Infinite fibonacci series, take only n from the list, without using mutation?

I'm trying to solve this problem in a pure-functional way, without using set!.
I've written a function that calls a given lambda for each number in the fibonacci series, forever.
(define (each-fib fn)
(letrec
((next (lambda (a b)
(fn a)
(next b (+ a b)))))
(next 0 1)))
I think this is as succinct as it can be, but if I can shorten this, please enlighten me :)
With a definition like the above, is it possible to write another function that takes the first n numbers from the fibonacci series and gives me a list back, but without using variable mutation to track the state (which I understand is not really functional).
The function signature doesn't need to be the same as the following... any approach that will utilize each-fib without using set! is fine.
(take-n-fibs 7) ; (0 1 1 2 3 5 8)
I'm guessing there's some sort of continuations + currying trick I can use, but I keep coming back to wanting to use set!, which is what I'm trying to avoid (purely for learning purposes/shifting my thinking to purely functional).

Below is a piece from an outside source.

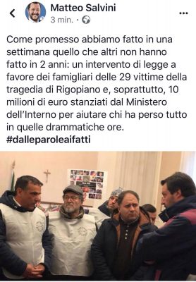 «Come promesso -afferma Salvini- abbiamo fatto in una settimana quello che altri non hanno fatto in due anni – afferma il ministro – un intervento di legge a favore dei familiari delle 29 vittime della tragedia di Rigopiano e, soprattutto, 10 milioni stanziati dal ministero dell’Interno per aiutare chi ha perso tutto in quelle drammatiche ore. Dalle parole ai fatti». Va avanti, intanto, l’inchiesta bis sul disastro dell’hotel. Giovedì prossimo (17 gennaio) saranno interrogati i sette indagati accusati di frode in processo penale e depistaggio.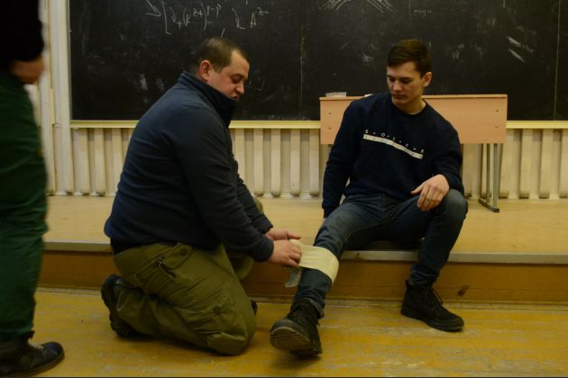 Семён продемонстрировал как накладывать жгут, наматывать чепец, обвязывать бинтом поврежденные конечности. Ребята всерьез задумались о наполнении личной аптечки необходимыми медикаментами и отработке правильных действий по оказанию первой помощи.

Try this, implemented using lazy code by means of delayed evaluation:
(define (each-fib fn)
(letrec
((next (lambda (a b)
(fn a)
(delay (next b (+ a b))))))
(next 0 1)))
(define (take-n-fibs n fn)
(let loop ((i n)
(promise (each-fib fn)))
(when (positive? i)
(loop (sub1 i) (force promise)))))
As has been mentioned, each-fib can be further simplified by using a named let:
(define (each-fib fn)
(let next ((a 0) (b 1))
(fn a)
(delay (next b (+ a b)))))
Either way, it was necessary to modify each-fib a little for using the delay primitive, which creates a promise:
A promise encapsulates an expression to be evaluated on demand via force. After a promise has been forced, every later force of the promise produces the same result.
I can't think of a way to stop the original (unmodified) procedure from iterating indefinitely. But with the above change in place, take-n-fibs can keep forcing the lazy evaluation of as many values as needed, and no more.
Also, take-n-fibs now receives a function for printing or processing each value in turn, use it like this:
(take-n-fibs 10 (lambda (n) (printf "~a " n)))
> 0 1 1 2 3 5 8 13 21 34 55

You provide an iteration function over fibonacci elements. If you want, instead of iterating over each element, to accumulate a result, you should use a different primitive that would be a fold (or reduce) rather than an iter.
(It might be possible to use continuations to turn an iter into a fold, but that will probably be less readable and less efficient that a direct solution using either a fold or mutation.)
Note however that using an accumulator updated by mutation is also fine, as long as you understand what you are doing: you are using mutable state locally for convenience, but the function take-n-fibs is, seen from the outside, observationally pure, so you do not "contaminate" your program as a whole with side effects.
A quick prototype for fold-fib, adapted from your own code. I made an arbitrary choice as to "when stop folding": if the function returns null, we return the current accumulator instead of continuing folding.
(define (fold-fib init fn) (letrec ([next (lambda (acc a b)
(let ([acc2 (fn acc a)])
(if (null? acc2) acc
(next acc2 b (+ a b)))))])
(next init 0 1)))
(reverse (fold-fib '() (lambda (acc n) (if (> n 10) null (cons n acc)))))
It would be better to have a more robust convention to end folding.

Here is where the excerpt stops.